Wieder muss Lotte kurz warten. Der Rollstuhl muss vorbereitet werden. Die kontrollierte Notfallbox muss noch in die Tasche. Die Tasche hängt dann immer am Rollstuhl, genauso wie die Nahrung, ein Absauggerät, der Stroller für den mobilen Sauerstoff und der Monitor. Der Beatmungsbeutel für den Notfall liegt ganz oben immer griffbereit in der Tasche.

Lotte ist zufrieden und sitzt an ihrem Basteltisch. Es ist ein guter Tag. Bis jetzt kein Notfallalarm. Wir können in Ruhe weiterarbeiten.

Jakob

Ich gehe zum nächsten Kind. Jakob klopft mit seinem Spielzeug rhythmisch gegen die Scheibe seines Bettes. Im Zimmer angekommen, strahlt er schon über das ganze Gesicht, wie ein Honigkuchenpferd.

„Guten Morgen“ sage ich. „Hast Du gut geschlafen?“. Sein Kopf und die Schultern wippen hin und her. Ich deute es als „ja“.

Ich schalte das Beatmungsgerät, entsprechend der ärztlichen Anordnung, aus und beginne sofort mit dem Sekretmanagement, d.h. inhalieren, absaugen und abvibrieren. Dies ist für ihn überlebenswichtig. Jetzt geht’s ihm gut. Nun lagere ich ihn in Bauchlage, da kann sein Sekret besser abfließen. Damit erspare ich ihm ein zu häufiges Absaugen.

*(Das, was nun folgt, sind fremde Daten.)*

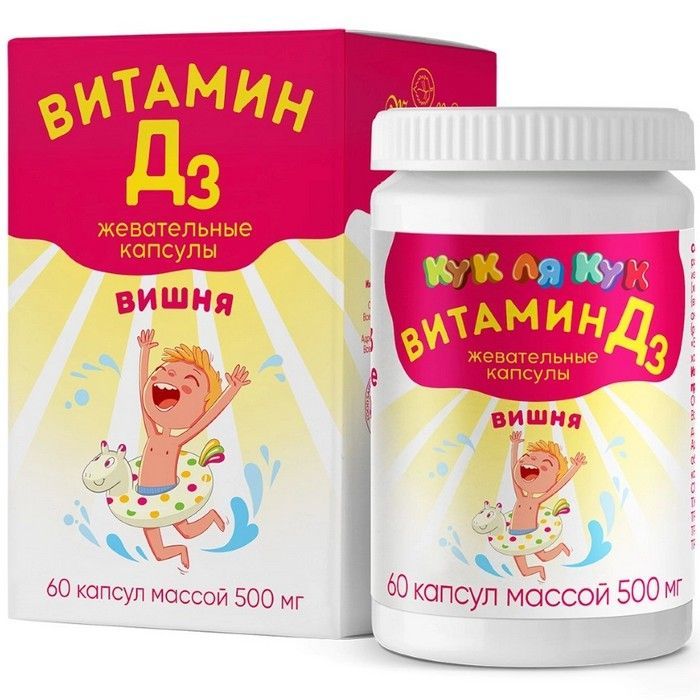 - КУК ЛЯ КУК ВИТАМИН D3 ДЕТСКИЕ ЖЕВАТЕЛЬНЫЕ КАПСУЛЫ СО ВКУСОМ ВИШНИ - биологически активная добавка , способствует восполнению дефицита витамина D3, улучшает усвоение кальция и фосфора, участвует в формировании костной системы, способствует укреплению и поддержанию иммунитета.
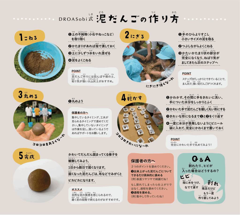 誰でも簡単にワークショップを開催できる教材セット(絵本・泥だんごの作り方・ワークショップの手引)をDROASブランドサイトで無料公開しました。私たちの生活と密接な泥について絵本でわかりやすく学び、五感を使った泥だんご作りから自然との一体感を得ることで、豊かな人間性の獲得が期待できます。本教材セットは、泥だんごによる幼児教育を含めた環境教育に注力する島根大学教育学部の松本一郎教授監修のもとで新たに開発・制作したものです。

Er wippt nun zur Musik und mag die Bauchlage. Die Rufanlage ertönt.

Daniel

Es ist das Zimmer von Daniel. Das sehe ich am Display der Rufanlage. Er hat sehr starke Krampfanfälle und könnte, wenn er dabei erbricht, im schlimmsten Fall daran ersticken. Ich bin bei ihm. Zum Glück ist es diesmal ein kleinerer Anfall. Er krampft nur leicht, aber dafür am ganzen Körper. Ich stehe am Bett und beruhige ihn. Mehr kann ich gerade nicht tun.

Ich öffne die Jalousie und beginne ihn zu waschen. Daniel ist an den Händen und Beinen bereits sehr kontrakt, d.h. steif. Deshalb bewege ich ihn bei der Grundpflege gut durch. Minimal Handling und basale Stimulation stehen nun an erster Stelle. Hektik und Stress mag er nämlich gar nicht.

Jetzt ist auch Daniel startklar für den Tag. Ich setze ihn in den Rollstuhl und wir inhalieren noch.

Frühstückspause

Nun sind meine drei Patienten vorerst versorgt und ich gehe selbst mal etwas frühstücken. In dieser Zeit übernimmt das pädagogische Team mit meiner Kollegin die Überwachung und Beschäftigung der Kids.

Mittlerweile ist es 10 Uhr und ich starte mit der nächsten Pflegerunde.

Es klingelt an der Tür. Es ist Lottes Mama. Endlich nach so vielen Tagen darf sie ihre Tochter wieder besuchen. Die Freude ist riesig auf beiden Seiten. Es ist natürlich weiterhin ein bisschen komisch, denn Besucher müssen alle Schutzmaßnahmen einhalten. Lottes Mama desinfiziert also ihre Hände, zieht sich Kittel, Handschuhe, Maske und das Visier an. Sie muss 1,5 Meter Abstand halten und darf nur eine Stunde bleiben. Aber das ist egal. Hauptsache die beiden dürfen sich wiedersehen.

Ich schaue mir die beiden an und mein Herz schmilzt. Kann man sich als Pflegekraft einen schöneren Ort zum Arbeiten vorstellen? Ich nicht. An solchen Tagen weiß ich, das ich hier richtig bin.